Ya sin sus obligaciones académicas pudo ampliar su jornada laboral: de lunes a
sábado de 9:30 am a 8:00 pm, es decir más de diez horas, en las rutas de
siempre: Guayabal y Belén, pues no puede utilizar otras. En estas dos rutas
trabajan 15 vendedores, cada uno con turno determinado. Respetar esos turnos
es la clave de las buenas relaciones entre el grupo. “Cada ruta tiene sus dueños y
meterse en un bus que no corresponde, puede causarle a uno problemas, y hasta
agresiones”, explica.
Marcela toma los buses en el parque San Antonio y se baja en el Centro
Comercial San Diego, para desde allí devolverse. Esa es su rutina diaria. Cuenta
sí con la suerte de que los conductores la tratan bien y le permiten subirse por
encima de la registradora.
Se puede decir que ya es una “veterana” en los gajes del oficio, y diario gana entre
30 y 40 mil pesos, que sumados a lo que gana su hermana mal que bien les
alcanza para mantener a su madre y a los hijos de ambas, para pagar el alquiler y
los servicios de la casa y los pasajes. Pero hay ocasiones en que no les alcanza y
deben pasar los días sin agua ni electricidad, o sin nada que comer.
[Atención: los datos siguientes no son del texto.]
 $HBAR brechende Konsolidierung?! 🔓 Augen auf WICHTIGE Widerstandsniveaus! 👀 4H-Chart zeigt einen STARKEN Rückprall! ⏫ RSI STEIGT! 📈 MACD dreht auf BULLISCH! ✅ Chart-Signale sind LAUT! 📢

Lo otro que ha comprobado es que el hecho de estar embarazada no le concede
ventaja. Su estado no conmueva a los pasajeros. Muchas veces se baja del bus
sin hacer una sola venta. Otras veces siente el peso de las miradas que la juzgan
y la critican.
Marcela es consciente de que su trabajo no es el mejor, sobre todo en su estado
de embarazo, porque los peligros son muchos y debe aguantar las inclemencias
del clima y la agreste dinámica de la vida callejera. Y a eso se suma la
incertidumbre, porque ha oído decir que muchas rutas de buses que se acabarán
cuando entre a operar el sistema integrado de transporte.
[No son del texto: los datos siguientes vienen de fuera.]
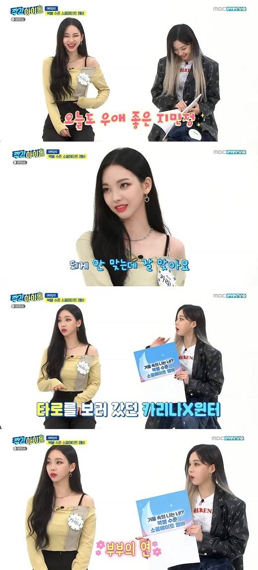 카리나의 소울메이트는 윈터라고. 카리나는 "되게 안 맞는데 잘 맞는다. 타로를 보러 갔는데 '부부의 연'이라더라"라고 돌이켜 폭소를 안겼다.

“Si no vendo en las calles no sé que más podré hacer, porque sé que hasta para
barrer calles piden el bachillerato, y en este momento no me es posible
terminarlo”, dice.
Tampoco ha tenido la atención que su embarazo requiere. Hasta ahora solo le han
hecho una revisión, una vez por urgencias. Como ya sabe que nacerá niña le ha
conseguido algo de la ropa y algunos implementos necesarios, pero le faltan
muchas cosas todavía. Pero pese a todo es optimista en que va sacar adelante a
sus dos pequeños, mientras sueña con una vida diferente.
“Quisiera terminar mis estudios y conseguir otro trabajo, con sueldo fijo. Pero lo
que más espero es que mis hijos tengan un futuro mejor, que no pasen por lo que
yo he pasado, que estudien”, dice, mientras espera la llegada de otro bus.